### RECORDS FOR THE EXERCISE
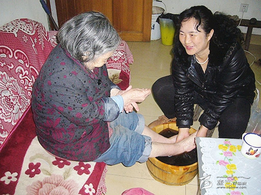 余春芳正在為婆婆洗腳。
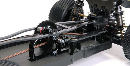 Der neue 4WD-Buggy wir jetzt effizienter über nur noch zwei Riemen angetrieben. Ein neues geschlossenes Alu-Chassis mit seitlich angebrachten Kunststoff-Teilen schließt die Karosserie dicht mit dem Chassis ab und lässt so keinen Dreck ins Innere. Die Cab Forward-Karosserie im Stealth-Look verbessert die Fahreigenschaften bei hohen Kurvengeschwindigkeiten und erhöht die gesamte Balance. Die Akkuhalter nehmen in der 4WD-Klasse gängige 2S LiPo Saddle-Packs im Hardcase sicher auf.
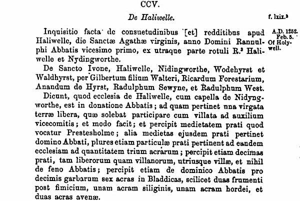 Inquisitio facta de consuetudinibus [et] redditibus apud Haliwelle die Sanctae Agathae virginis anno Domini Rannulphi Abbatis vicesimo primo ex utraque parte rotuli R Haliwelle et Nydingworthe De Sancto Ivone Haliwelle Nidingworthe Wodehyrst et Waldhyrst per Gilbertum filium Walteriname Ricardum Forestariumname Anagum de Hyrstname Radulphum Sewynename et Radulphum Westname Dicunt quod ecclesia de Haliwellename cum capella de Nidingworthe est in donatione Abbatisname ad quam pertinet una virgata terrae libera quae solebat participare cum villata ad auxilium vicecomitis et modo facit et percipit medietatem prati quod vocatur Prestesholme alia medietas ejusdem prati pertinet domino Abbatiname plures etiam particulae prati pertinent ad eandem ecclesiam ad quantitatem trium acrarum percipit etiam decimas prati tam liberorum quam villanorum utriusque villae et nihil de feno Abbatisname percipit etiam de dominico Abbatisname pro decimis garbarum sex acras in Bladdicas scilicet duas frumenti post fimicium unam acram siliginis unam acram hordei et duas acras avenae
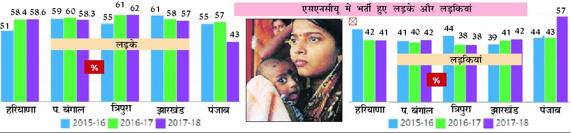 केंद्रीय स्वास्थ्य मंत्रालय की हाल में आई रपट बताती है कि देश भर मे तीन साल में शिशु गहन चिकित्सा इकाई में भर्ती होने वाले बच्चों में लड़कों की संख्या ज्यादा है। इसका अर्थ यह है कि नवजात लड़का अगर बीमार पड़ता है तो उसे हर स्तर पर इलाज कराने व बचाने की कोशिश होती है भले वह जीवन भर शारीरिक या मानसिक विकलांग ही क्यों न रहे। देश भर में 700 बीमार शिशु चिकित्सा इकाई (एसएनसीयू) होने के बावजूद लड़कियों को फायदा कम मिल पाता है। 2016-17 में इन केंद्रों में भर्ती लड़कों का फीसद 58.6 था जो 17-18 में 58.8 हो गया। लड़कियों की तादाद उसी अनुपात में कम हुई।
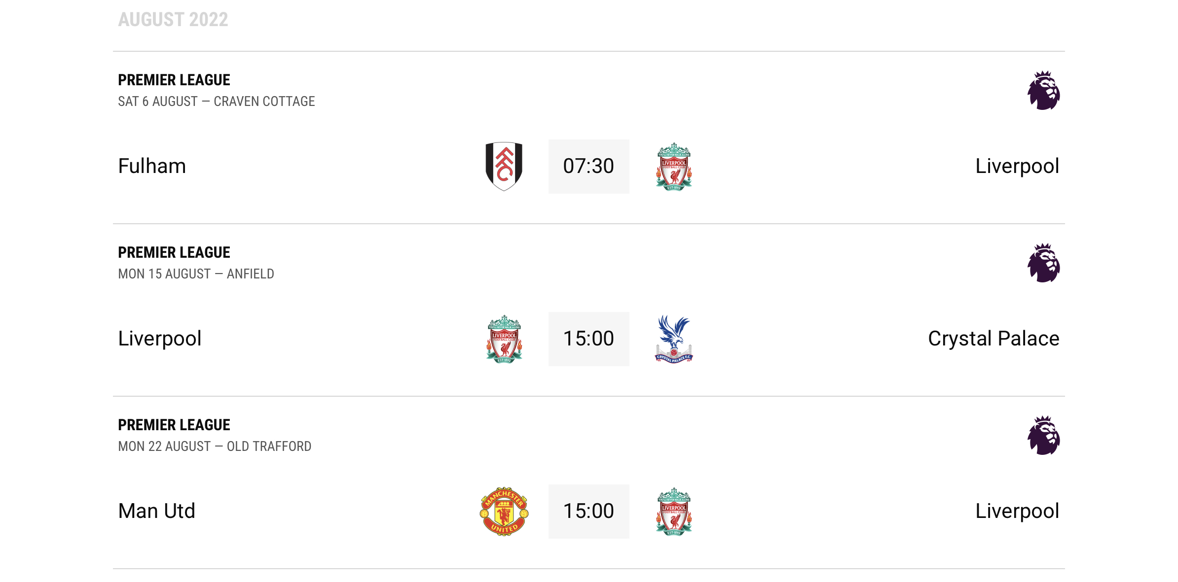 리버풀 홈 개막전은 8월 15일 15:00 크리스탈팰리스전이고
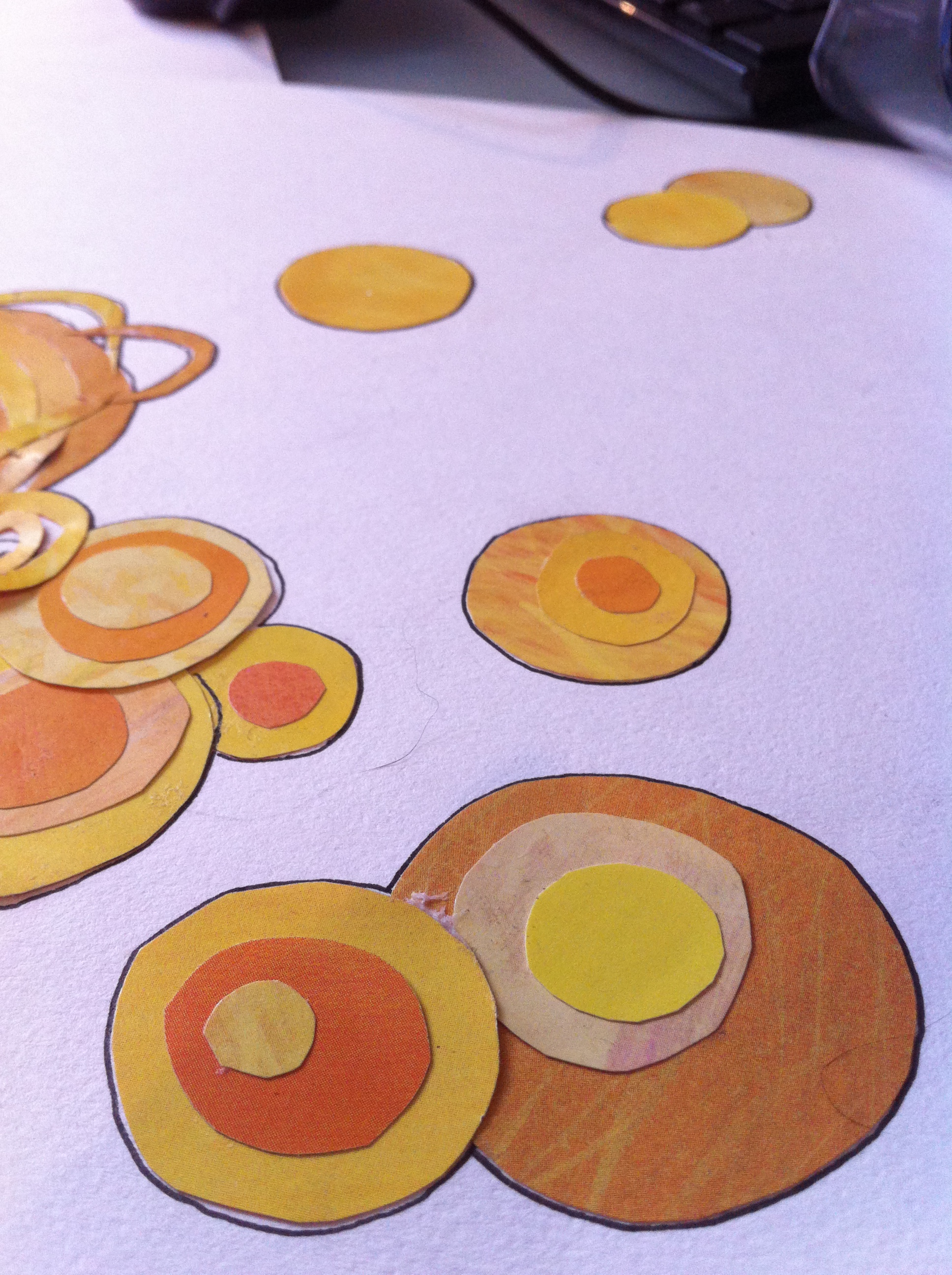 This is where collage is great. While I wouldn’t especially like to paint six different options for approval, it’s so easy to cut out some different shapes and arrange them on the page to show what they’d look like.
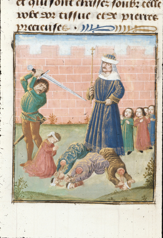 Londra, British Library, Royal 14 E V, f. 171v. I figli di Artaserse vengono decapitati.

---

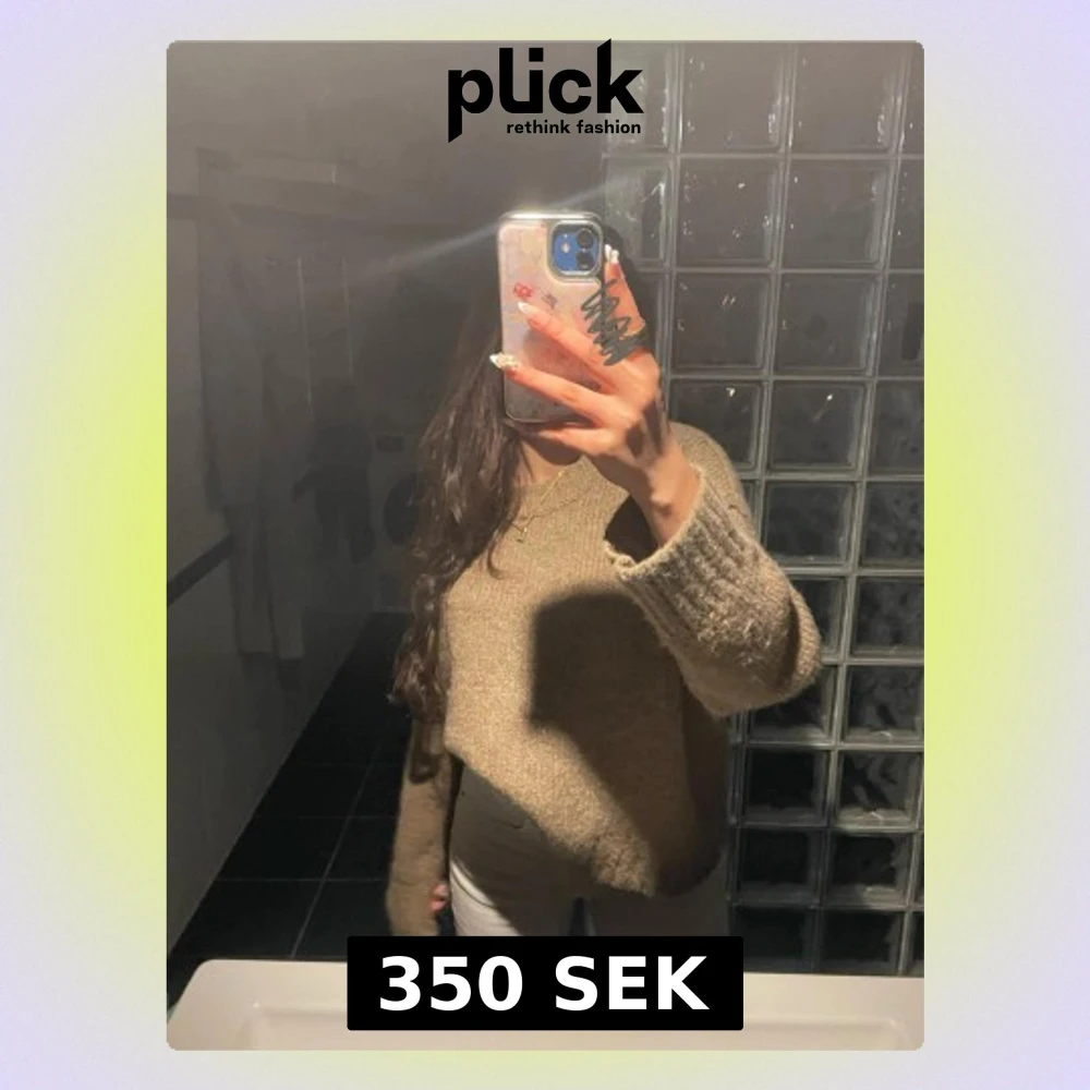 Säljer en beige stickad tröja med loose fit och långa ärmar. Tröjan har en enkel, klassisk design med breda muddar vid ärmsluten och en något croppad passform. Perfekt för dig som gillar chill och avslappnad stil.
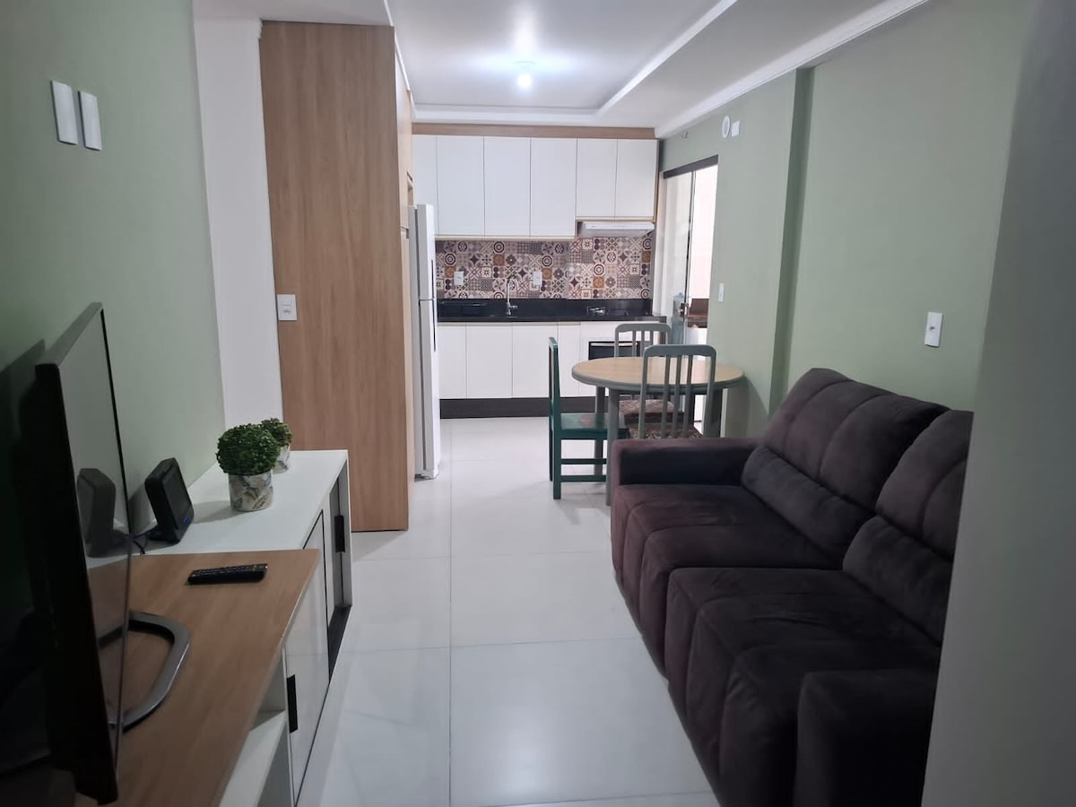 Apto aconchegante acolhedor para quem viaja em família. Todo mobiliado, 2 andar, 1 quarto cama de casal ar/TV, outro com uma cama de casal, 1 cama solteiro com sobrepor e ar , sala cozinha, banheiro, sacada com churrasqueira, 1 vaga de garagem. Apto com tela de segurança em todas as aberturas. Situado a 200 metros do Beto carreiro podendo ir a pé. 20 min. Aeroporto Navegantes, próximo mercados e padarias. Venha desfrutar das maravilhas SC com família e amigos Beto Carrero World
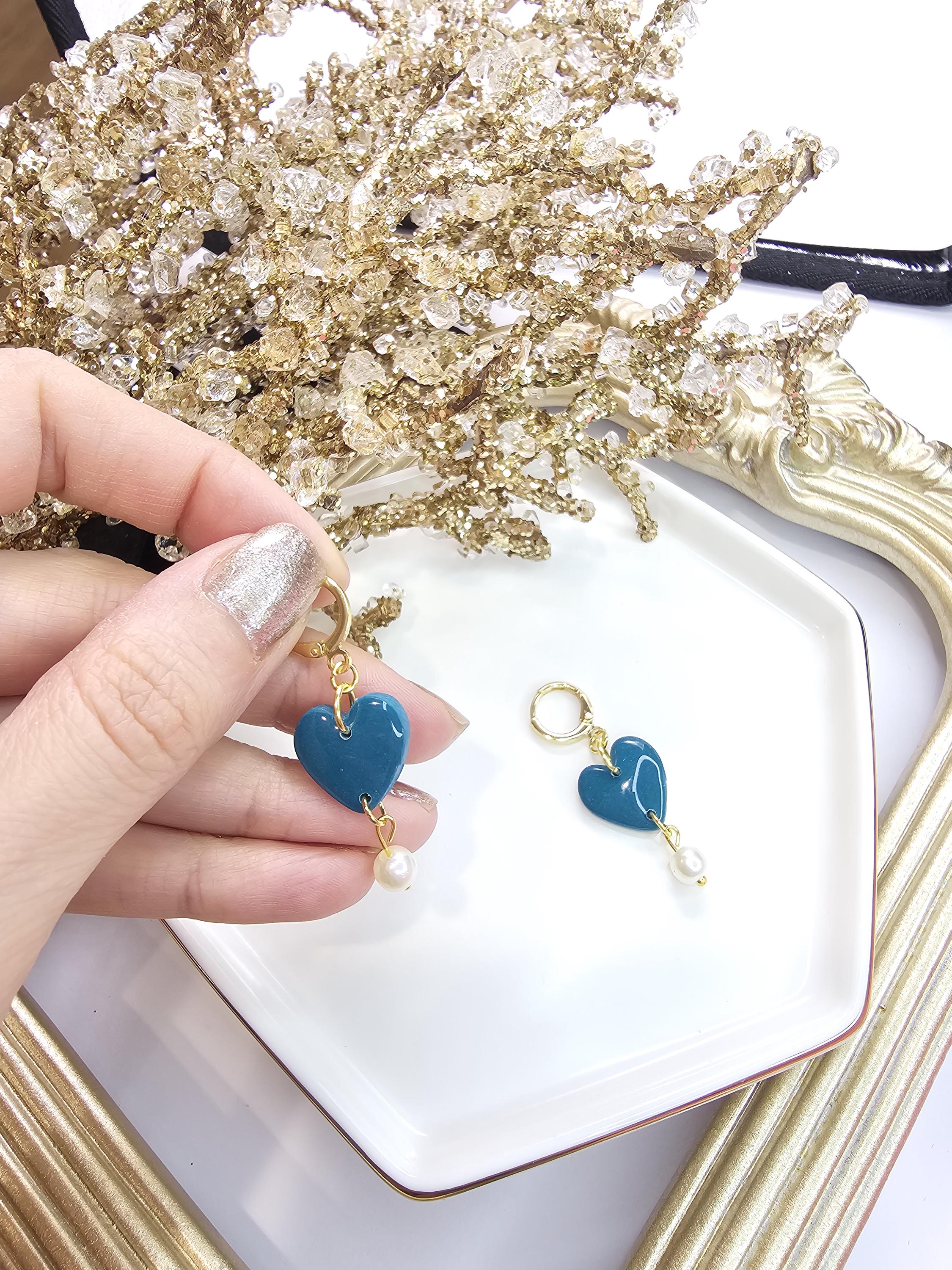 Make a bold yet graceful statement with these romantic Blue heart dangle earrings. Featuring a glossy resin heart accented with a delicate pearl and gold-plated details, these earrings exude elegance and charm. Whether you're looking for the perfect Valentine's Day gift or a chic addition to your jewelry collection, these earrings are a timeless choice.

* * *

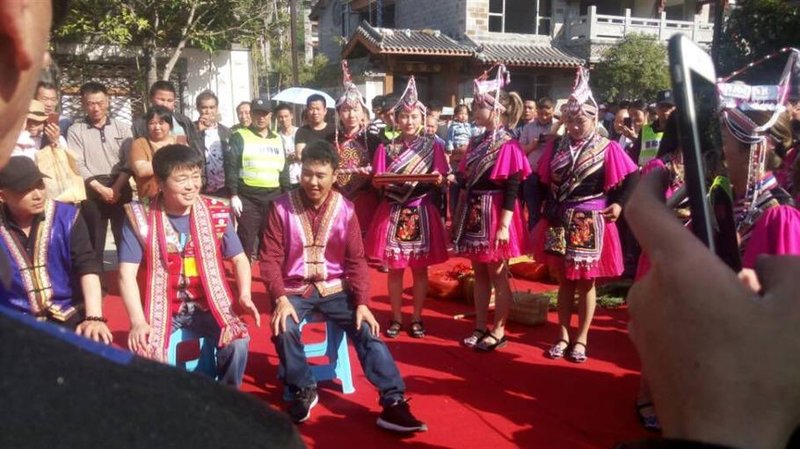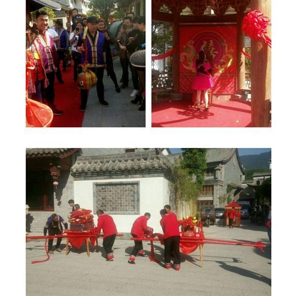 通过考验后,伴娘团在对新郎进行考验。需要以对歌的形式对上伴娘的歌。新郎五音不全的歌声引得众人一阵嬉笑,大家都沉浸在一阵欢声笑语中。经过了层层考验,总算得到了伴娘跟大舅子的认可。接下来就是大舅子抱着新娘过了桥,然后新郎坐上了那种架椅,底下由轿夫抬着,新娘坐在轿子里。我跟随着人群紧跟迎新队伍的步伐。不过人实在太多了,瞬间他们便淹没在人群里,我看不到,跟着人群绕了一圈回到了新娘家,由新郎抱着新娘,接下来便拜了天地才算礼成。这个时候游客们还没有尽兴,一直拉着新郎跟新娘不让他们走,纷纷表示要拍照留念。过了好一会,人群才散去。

### BRIEF
Leaving pictures out, output the lines of the data above from the one with "केंद्रीय स्वास्थ्य मंत्रालय" through the one with "리버풀 홈 개막전은 8월 15일 15:00 크리스탈팰리스전이고", word for word.

### REPLY
 केंद्रीय स्वास्थ्य मंत्रालय की हाल में आई रपट बताती है कि देश भर मे तीन साल में शिशु गहन चिकित्सा इकाई में भर्ती होने वाले बच्चों में लड़कों की संख्या ज्यादा है। इसका अर्थ यह है कि नवजात लड़का अगर बीमार पड़ता है तो उसे हर स्तर पर इलाज कराने व बचाने की कोशिश होती है भले वह जीवन भर शारीरिक या मानसिक विकलांग ही क्यों न रहे। देश भर में 700 बीमार शिशु चिकित्सा इकाई (एसएनसीयू) होने के बावजूद लड़कियों को फायदा कम मिल पाता है। 2016-17 में इन केंद्रों में भर्ती लड़कों का फीसद 58.6 था जो 17-18 में 58.8 हो गया। लड़कियों की तादाद उसी अनुपात में कम हुई।
 리버풀 홈 개막전은 8월 15일 15:00 크리스탈팰리스전이고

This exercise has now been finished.